# Vaccines -- Adverse Reactions; JAVMA 10/01/05



## Kris L. Christine (Jul 11, 2010)

The quotes in red below are from the attached scientific report covering adverse events within 3 days of vaccination in dogs over the course of 2 years. Reports of dogs having vaccinal adverse reactions within the same time frame were not included if heartworm medication had been administered along with the vaccines. This study did not include adverse reactions such as development of fibrosarcomas and/or other conditions which take longer than 3 days to develop.

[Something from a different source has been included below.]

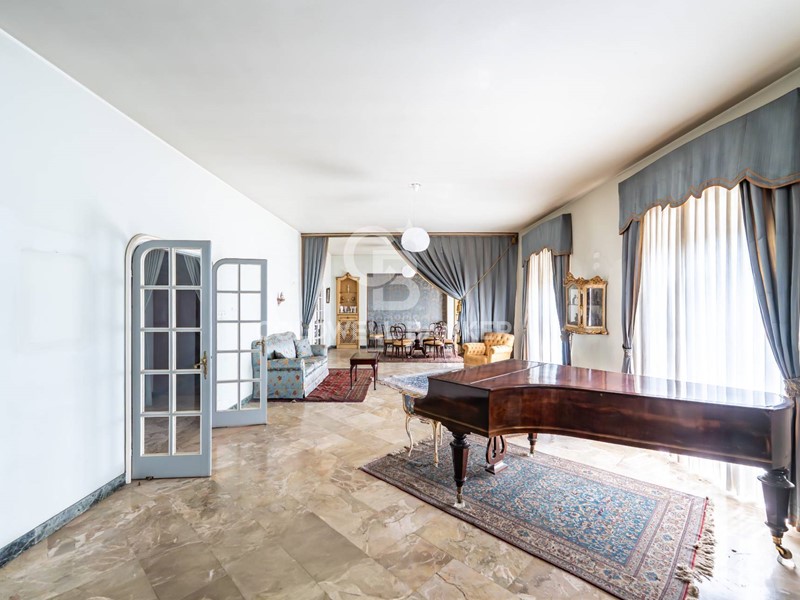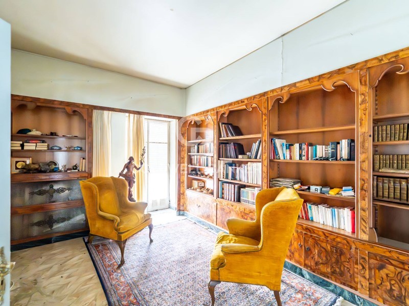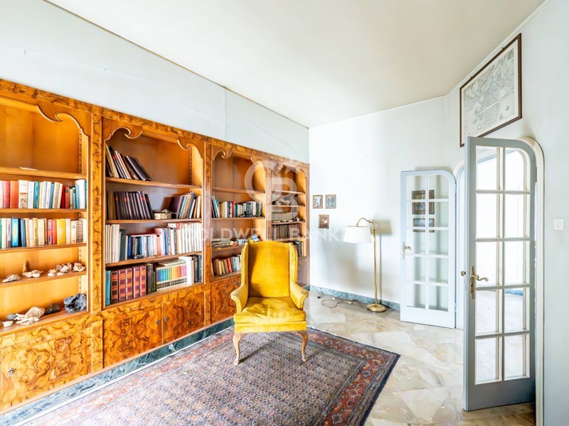 Ambienti ampi e luminosi, tra cui un grande salone, uno studio con mobili antichi ad incasso, e una zona notte composta da tre camere da letto e servizi.

Moore, George E. et als., *Adverse events diagnosed within three days of Vaccine Administration in Dogs,*_ Journal of the American Veterinary Medical Association,_ Vol 227, No. 7, October 1, 2005

Animals—1,226,159 dogs vaccinated at 360 veterinary hospitals.

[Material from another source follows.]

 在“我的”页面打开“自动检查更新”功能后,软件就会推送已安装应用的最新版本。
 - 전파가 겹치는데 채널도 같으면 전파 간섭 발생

Results—4,678 adverse events (38.2/10,000 dogs vaccinated) were associated with administration of 3,439,576 doses of vaccine to 1,226,159 dogs. *The VAAE rate decreased significantly as body weight increased. *Risk was 27% to 38% greater for neutered versus sexually intact dogs and 35% to 64% greater for dogs approximately 1 to 3 years old versus 2 to 9 months old. The risk of a VAAE significantly increased as the number of vaccine doses administered per office visit increased; each additional vaccine significantly increased risk of an adverse event by 27% in dogs ≤ 10 kg (22 lb) and 12% in dogs > 10 kg. 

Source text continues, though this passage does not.